L'optimisme reste le premier qualificatif employé par les chefs d'entreprise pour caractériser leur situation (39%), devant la confiance (36%). (Crédits : iStock)
Interrogés dans le cadre de « La grande consultation » par Opinion Way pour CCI France/La Tribune/ Europe 1, les chefs d'entreprises restent toujours très optimistes. Sur les réformes prochaines que le gouvernement entend lancer, ils ont néanmoins quelques interrogations. A noter, la reprise des embauches est très faible.
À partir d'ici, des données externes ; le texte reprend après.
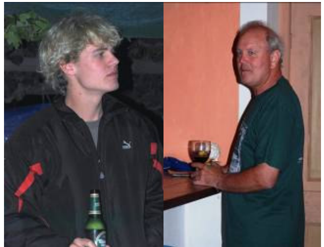
Enjoying the earlier, more civilised entertainment

Soon after supper was served. What a meal, fillet steaks to perfection, pasta and vegetable salads, breads and dessert.
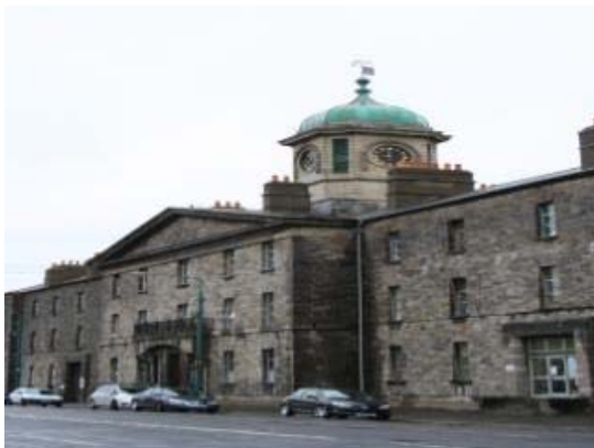
Fig 2: Clocktower Building, Grangegorman

Designed and built in 1816 by the architect Francis Johnston (1760-1829), the building's first function was as the Richmond Penitentiary [11]. Johnston was an architect for the Board of Works (predecessor of the Office of Public works (OPW)) and his work there included the Chapel Royal at Dublin Castle and the General Post Office. Among his other important Dublin buildings are Griffith's Barracks, St Andrew's Church, Royal Hibernian Academy, St George's Church, the former Central Bank in Foster Place and the former Houses of Parliament in College Green.

Interrogés dans le cadre de « La grande consultation » par Opinion Way pour CCI France/La Tribune/ Europe 1*, les 604 dirigeants d'entreprises restent optimistes en juin. Certes, après le pic de confiance observé en mai, l'indicateur s'effrite un peu, de quatre points, pour s'élever à 112. Néanmoins, l'optimisme reste le premier qualificatif employé par les chefs d'entreprise pour caractériser leur situation (39%), devant la confiance (36%).
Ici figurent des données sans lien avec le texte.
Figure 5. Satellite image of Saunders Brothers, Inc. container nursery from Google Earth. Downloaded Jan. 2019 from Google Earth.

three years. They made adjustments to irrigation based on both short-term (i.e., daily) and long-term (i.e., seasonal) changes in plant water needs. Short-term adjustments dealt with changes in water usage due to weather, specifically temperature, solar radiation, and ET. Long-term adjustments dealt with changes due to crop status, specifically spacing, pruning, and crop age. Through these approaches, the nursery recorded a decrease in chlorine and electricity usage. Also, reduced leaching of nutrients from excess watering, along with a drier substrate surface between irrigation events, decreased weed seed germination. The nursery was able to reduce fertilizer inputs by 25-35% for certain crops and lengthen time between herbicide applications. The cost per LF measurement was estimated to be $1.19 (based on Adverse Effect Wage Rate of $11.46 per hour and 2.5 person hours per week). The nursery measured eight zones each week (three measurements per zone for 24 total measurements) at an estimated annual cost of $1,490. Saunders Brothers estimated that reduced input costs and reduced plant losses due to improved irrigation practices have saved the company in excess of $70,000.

" Ces deux qualificatifs caractérisent plus particulièrement les chefs d'entreprise de 10 salariés ou plus (respectivement 52% et 58%) ", précise l'étude.

Confiants et optimistes, les chefs d'entreprise sont toujours plus nombreux à estimer que la situation actuelle est correctement orientée (32%, + 5 points). Ils se montrent confiants pour l'avenir de leur entreprise dans les douze prochains mois (69%), notamment les chefs d'entreprises de 10 salariés ou plus (94%).

L'état de grâce

Cet enthousiasme en constante progression est à mettre en perspective avec la satisfaction à l'égard du nouveau Président de la République. Près de deux mois après l'élection d'Emmanuel Macron, les trois quarts des dirigeants d'entreprise (75%) se montrent satisfaits de son action, notamment ceux évoluant dans le secteur du commerce (82%) et étant à la tête d'entreprises de 10 salariés ou plus (85%) ", note la Grande consultation.

C'est ce que l'on appelle l'état de grâce ! La lune de miel entre les chefs d'entreprises et le locataire de l'Elysée se prolonge donc. On attend avec impatience leur réaction quand l'exécutif mettra enfin les mains dans le cambouis. De ce point de vue, la rentrée sera intéressante. On guettera avec attention l'appréciation des dirigeants du projet de loi de finances 2018.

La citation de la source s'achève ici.